_EXERCISE DIRECTIONS_
Below are records to repeat exactly; do not include any pictures.

[Records from a collection]
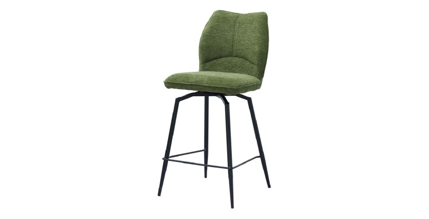 Chaise de comptoir pivotante CROFT – Tissu vert – Pieds en métal noir – Style design/industriel
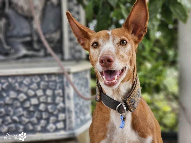 Ich bin eine sanfte, verschmuste Podenca und liebe die Nähe zu Menschen. Anfangs kann ich etwas schüchtern und zurückhaltend sein, aber wenn ich Vertrauen fasse, öffne ich mich schnell. Dann werde ich zutraulich, anhänglich und genieße jede Streicheleinheit.
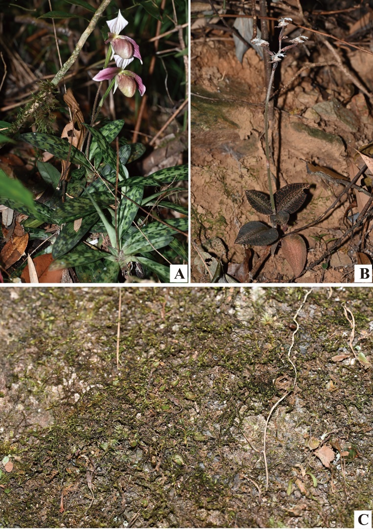 绽放中的紫纹兜兰(Paphiopedilum purpuratum,A)和金线兰(Anoectochilus roxburghii,B)以及休眠中的独蒜兰属植物(Pleione sp.,C).
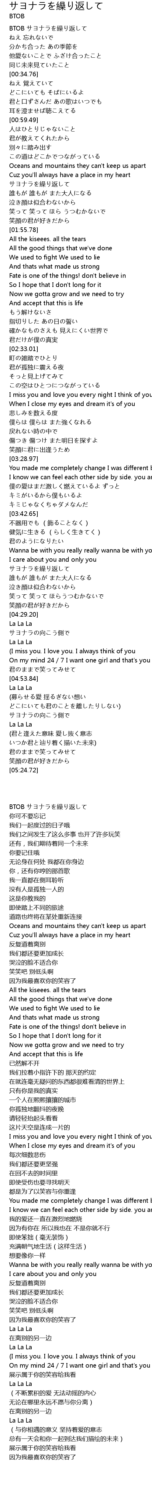 | [00:01.22] | BTOB サヨナラを繰り返して |
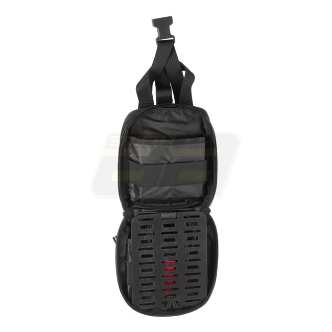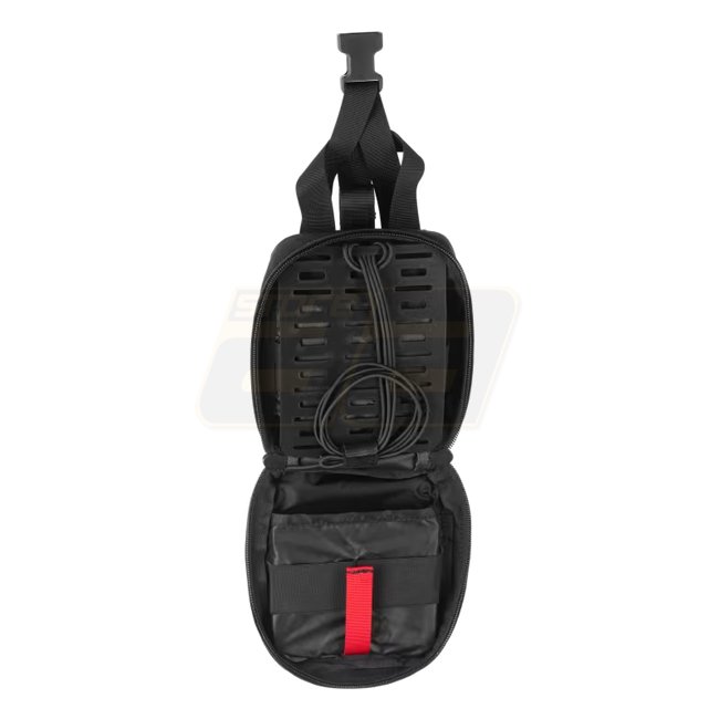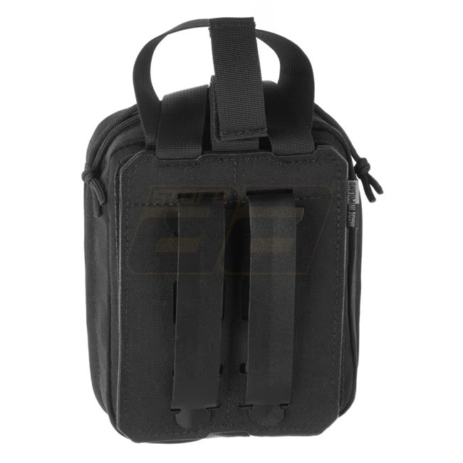 The AZ2 is a rip-away first aid pouch designed for quick access and secure attachment. The anchor panel attaches to load-carrying equipment using the MOLLE-compatible system, while the pouch itself is secured with Velcro and an additional strap with a fastex buckle. This setup ensures stable attachment and one-handed removal in emergencies.

_FINISHED TASK_
 Chaise de comptoir pivotante CROFT – Tissu vert – Pieds en métal noir – Style design/industriel
 Ich bin eine sanfte, verschmuste Podenca und liebe die Nähe zu Menschen. Anfangs kann ich etwas schüchtern und zurückhaltend sein, aber wenn ich Vertrauen fasse, öffne ich mich schnell. Dann werde ich zutraulich, anhänglich und genieße jede Streicheleinheit.
 绽放中的紫纹兜兰(Paphiopedilum purpuratum,A)和金线兰(Anoectochilus roxburghii,B)以及休眠中的独蒜兰属植物(Pleione sp.,C).
 | [00:01.22] | BTOB サヨナラを繰り返して |
 The AZ2 is a rip-away first aid pouch designed for quick access and secure attachment. The anchor panel attaches to load-carrying equipment using the MOLLE-compatible system, while the pouch itself is secured with Velcro and an additional strap with a fastex buckle. This setup ensures stable attachment and one-handed removal in emergencies.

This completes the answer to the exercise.